Object on table pulled by hanging object

[pnwguy17]

Homework Statement

An object of m=0.85kg is on a table. It is attached via pulley to a hanging object of m=0.42kg. The pulley is a hollow cylinder of mass 0.35 kg, with an inner radius of 0.02m and an outer radius of 0.03m, and it turns without friction. The coefficient of friction between the table and first object is 0.25.
The velocity when the object passes a certain reference point is 0.82m/s.

Using energy methods, I am supposed to find the final velocity after the block has moved 0.7m

Homework Equations

Kinetic Energy:
K=1/2(mv^2 )

Rotational kinetic energy:
Kr=1/2(Iω^2)

Potential energy:
U=mgh

Moment of inertia for a hollow cylinder:
I=1/2(M)r₁^2+r₂^2)

Also, v=r$$\omega$$

The Attempt at a Solution

Since energy is conserved through the whole process, the initial kinetic energy of the two blocks plus the initial rotational energy of the pulley plus the potential energy of the hanging block will equal the final kinetic energies of the two blocks plus the final rotational energy of the pulley.

Initial Energy:
(1/2)(0.42)(0.82)^2 + (1/2)(0.85)(0.82)^2 + (1/2)(1/2)(0.35)(0.02^2+0.03^2)*(0.82/00.03)^2 + (0.42)(9.8)(0.7) = (0.141204 + 0.28577 + 0.08498 + 2.8812 = 3.393 joules

Final energy:
(1/2)(0.42)(v^2) + (1/2)(0.85)(v^2) + (1/2)(1/2)(.35)(0.02^2+0.03^2)*(v/00.03)^2 =
0.21v^2 + 0.425v^2 + 0.126v^2 = 0.761v^2

3.393=0.761v^2
v=sqrt(3.393/0.761)= 2.27 m/s

However, my book says that final velocity is 1.59 m/s.

where have i gone wrong?
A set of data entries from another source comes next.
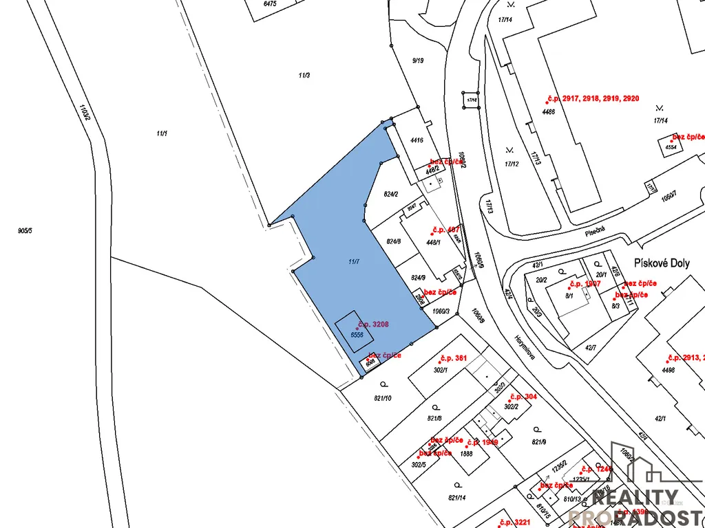 Jedná se o parcelu č. 11/7 (1 938 m²) + st. parcela č. 6556 (98 m²) se stavbou č.p. 3208 (výroba).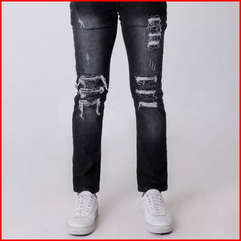Ripped Jeans Pria - Celana Sobek Pria Skinny Jeans Street Zigzag Destory Bikers Premium - Celana Jeans Sobek Pria Snow W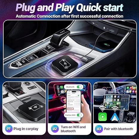 Автоматическое быстрое подключение: подключи и работай; После первого успешного подключения этот адаптер CarPlay автоматически и быстро подключится к вашему телефону, когда вы сядете в машину; для подключения телефона к автомобилю не требуется использовать USB-кабель; избегайте путаницы проводов и следите за чистотой и порядком в салоне; просто наслаждайтесь путешествием.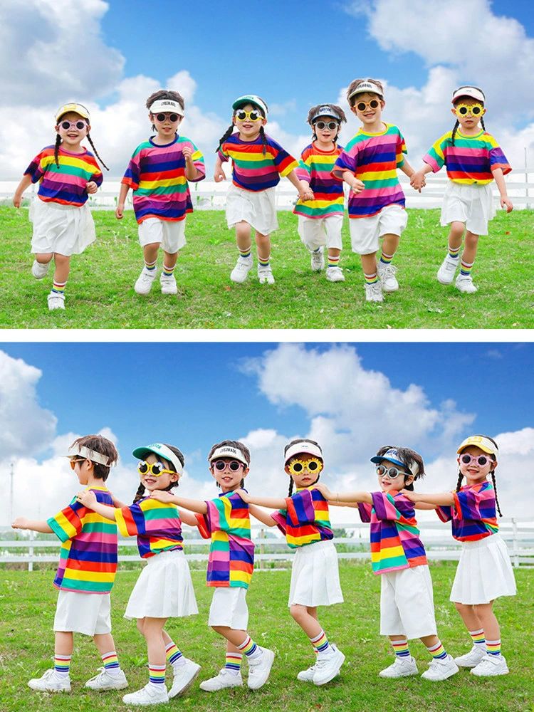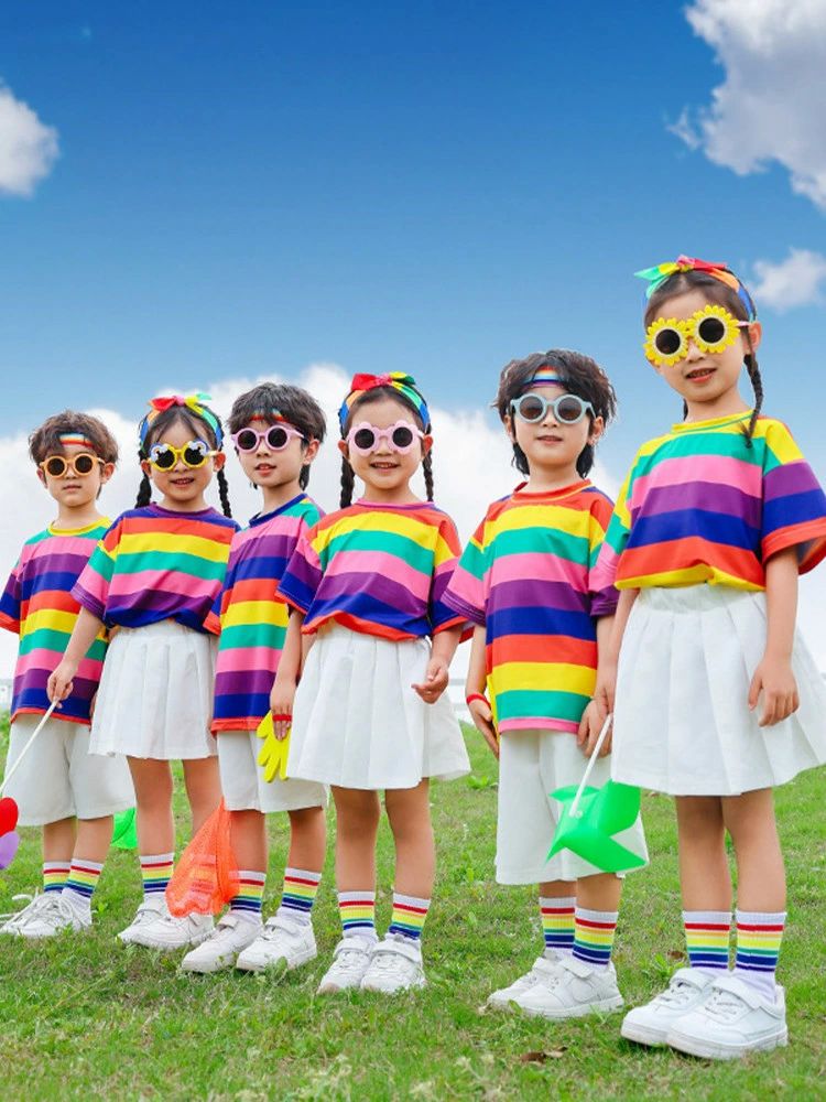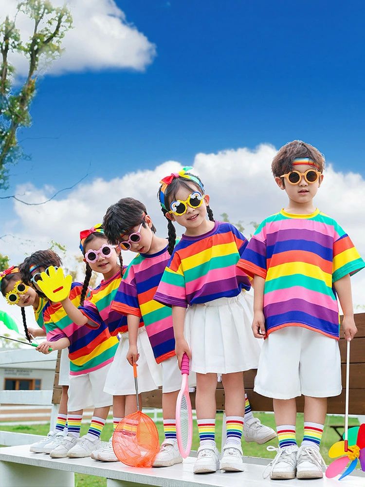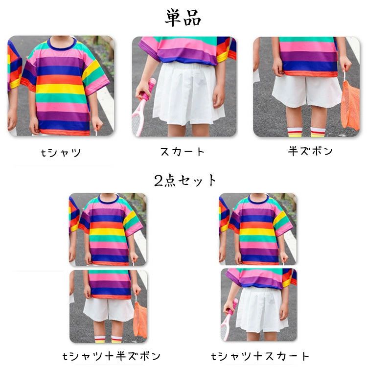 上下 ダンス衣装 キッズ 虹色tシャツ キッズ スーツ カジュアルセットアップ カジュアルパンツセット 早い者勝ち tシャツ スカート 半ズボン tシャツ+スカート tシャツ+半ズボン 100cm 110cm 120cm 130cm 140cm 150cm 160cm 170cm 180cm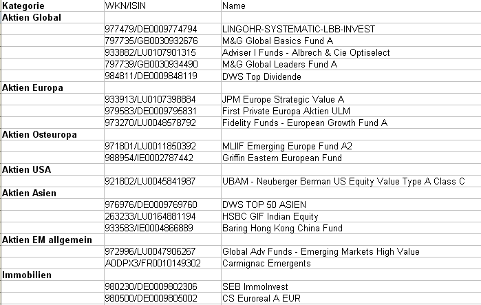 et3rn1ty Februar 20, 2007 · bearbeitet April 14, 2009 von Chris1975_ Ihr habt abgestimmt - hier ist das Ergebnis. Hier das Ergebnis zum leichteren Kopieren: Aktienfonds Global ISIN - KAG - Fondsname DE0009774794 - Landesbank Berlin Invest - Lingohr Systematic LBB Invset LU0114760746 - Franklin Templeton Investment Funds - Templeton Growth Euro LU0044747169 - State Street Global Advisors - Global Advantage Funds Major Markets Aktienfonds Europa ISIN - KAG - Fondsname DE0009795831 - First Private Investment Management - First Private Europa Aktien ULM LU0107398884 - JPMorgan Asset Management - JPM Europe Strategic Value A LU0048578792 - Fidelity Funds SICAV - Fidelity European Growth Fund Aktienfonds Aisen/Pazifik ISIN - KAG - Fondsname IE0004866889 - Baring Fund Managers - Baring Hong Kong China Fund DE0009769760 - DWS Investment GmbH - DWS Top 50 Asien DK0016259187 - ISI - ISI Far East Equities Aktienfonds Emerging Markets ISIN - KAG - Fondsname LU0011850392 - Black Rock Gmbh - MLIIF Emerging Europe Fund A FR0000292278 - Comgest - Magellan LU0047906267 - State Street Global Advisors - Global Advantage Funds Emerging Markets Rentenfonds ISIN - KAG - Fondsname LU0029871042 - Franklin Templeton Investment Funds - Templeton Global Bond Fund Class A LU0085494788 - ABN Amro Asset Management - Global Emerging Markets Bond Fund AT0000859509 - Raiffeisen Kapitalanlagegesellschaft mbH - Raiffeisen Europlus Rent A Geldmarktfonds ISIN - KAG - Fondsname DE0009752477 - Pioneer Investments - Pioneer Investments Euro Geldmarkt Plus DE0008474255 - DWS Investment GmbH - DWS Geldmarktfonds DE0009769158 - SEB Invest GmbH - SEB Moneymarket Immobilienfonds ISIN - KAG - Fondsname DE0009802306 - SEB Immobilien Invest GmbH - SEB Immoinvest DE0006791809 - KanAm Grund Kapitalanlagegesellschaft mbH - KanAm Grundinvest Fonds DE0009846451 - AXA Investment Managers - AXA Immoselect Branchen-/Themenfonds ISIN - KAG - Fondsname LU0172157280 - Black Rock Gmbh - MLIIF World Mining Fund LU0271656133 - Pioneer Asset Management - Pioneer Global Ecology LU0121747215 - Sarasin Multi Label SICAV - Sarasin New Energy Fund Immobilienaktienfonds ISIN - KAG - Fondsname LU0088927925 - Henderson Global Investors Ltd. - Henderson Horizon Pan European Property LU0188853955 - DJE Investment - DJE Real Estate LU0237697510 - Fidelity Funds SICAV - Fidelity Global Property Fund Grüße, et3rn1ty. Eine Übersicht über die Performance der Empfehlungen seit der Abstimmung durch die User findet Ihr hier: https://www.wertpapier-forum.de/index.php?showforum=62 Diesen Beitrag teilen Link zum Beitrag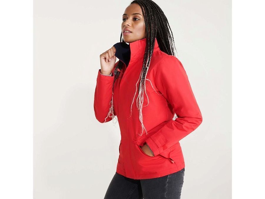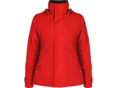 Парка прилегающего силуэта с высоким воротом застегивается на молнию в тон: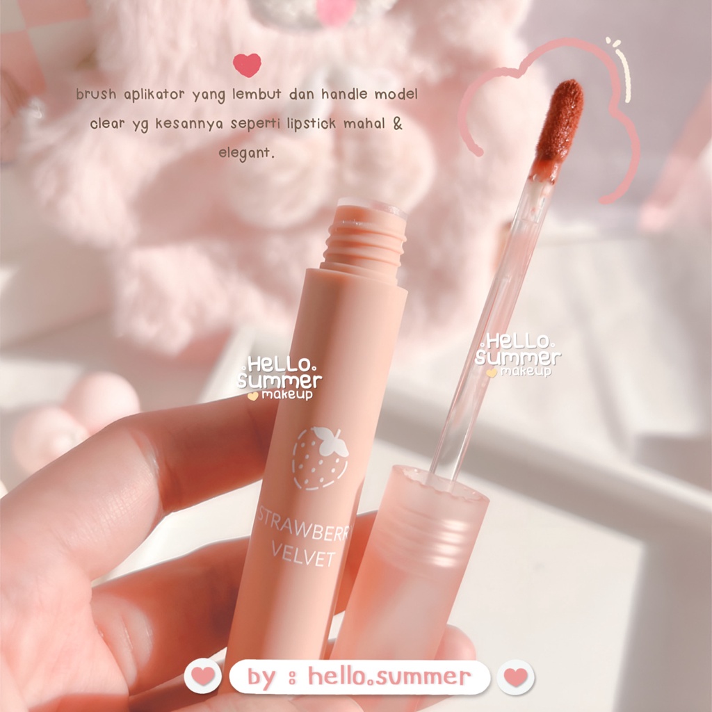 Detail Strawberry Velvet Moisturaizing Matte Lipgloss Lipcream Lipstick Tahan Lama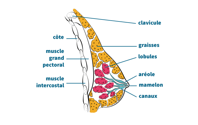 Les seins féminins se composent de plusieurs éléments distincts. Au centre se trouve le mamelon, une partie externe située à l'extrémité antérieure du sein. À partir du mamelon, s'étendent divers canaux galactophores qui conduisent aux lobules, des glandes internes responsables de la production de lait après l'accouchement. Ensemble, ces éléments forment la glande mammaire, positionnée sur la partie avant du sein.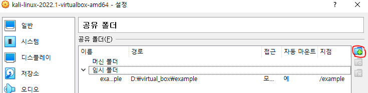 1. kail linux를 키고 상단 바에 입력 -> 공유폴더 -> 공유폴더 설정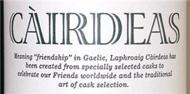 アイラ・フェスティバル向けのスペシャルボトリングについてのアナウンスが、ラフロイグ蒸留所から届いた。この限定ボトルには、『カーディス (CAIRDEAS)』という名が与えられたとのこと。“カーディス”とはゲール語で“友情”という意味で、もちろんこの蒸留所のオフィシャル会員制クラブ『フレンズ・オブ・ラフロイグ (Friends of Laphroaig)』になぞらえて命名されたものだ。ウェブサイトでは、すでに販売を始めている。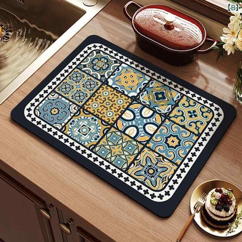 キッチン 珪藻土 吸水マット 水切りマット 蛇口 シンク周り コンロ 作業台 滑り止め 耐熱 ソフト 速乾 ポリエステル 厚手 スクエア 食器 コースター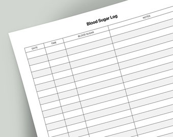Blood Sugar Tracker Printable For Health Medical Fitness Etsy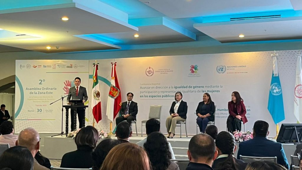 La conferencia se desarrolló este martes 30 de septiembre en el Hotel Holiday Inn, en el marco de la Segunda Asamblea Ordinaria de la Zona Este de la Federación Mexicana de Organismos Públicos de Derechos Humanos, que reunió a titulares de los tres poderes de gobierno en la entidad.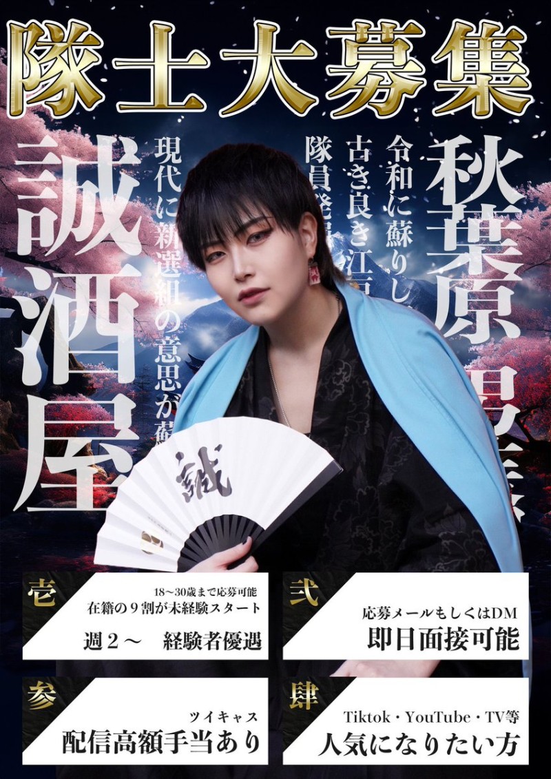 19:00〜 空煌 @akira_makotoz 訓練スタートしました🏯🌕 #秋葉原 #男装カフェ #誠酒屋 #TikTok #求人募集 #コンカフェ #コスプレ #ツイキャス #配信 #幕末 #新撰組 https://t.co/QloAfcqacr

And why isn't the coeffcient of friction used in the equations?

 

[ehild]

1. The coefficient of friction between the table and first object is 0.25.

The Attempt at a Solution

Since energy is conserved through the whole process, ...

Read the problem: there is friction. The mechanical energy is not conserved.

ehild

 

[pnwguy17]

That's true...but since none of the equations call for the friction force, let alone the coefficient of friction, how do I inocrporate it into the problem?

 

[ehild]

Energy conservation is not valid. How much energy is lost because of friction?

ehild

 

[rwisz]

Your approach to solving this problem using energy methods is correct. However, there are a few errors in your calculations that have led to the incorrect answer.

1. In your initial energy calculation, you have used the wrong value for the potential energy of the hanging block. The correct value should be (0.42)(9.8)(0.7) = 2.91 joules.

2. In your final energy calculation, you have used the wrong value for the rotational kinetic energy of the pulley. The correct value should be (1/2)(0.35)(0.02^2+0.03^2)*(v/0.03)^2 = 0.0049v^2 joules.

3. You have also made a mistake in your final energy calculation for the hanging block. The correct value should be (1/2)(0.42)(v^2) = 0.21v^2 joules.

4. Finally, you have not taken into account the work done by friction in your calculations. The coefficient of friction is used to calculate the work done by friction, which should be subtracted from the initial energy to get the final energy.

Taking all of these into consideration, the correct final energy equation should be:

3.393 - (0.25)(0.85)(9.8)(0.7) = 0.761v^2

Solving for v, we get v = 1.59 m/s, which is the correct answer.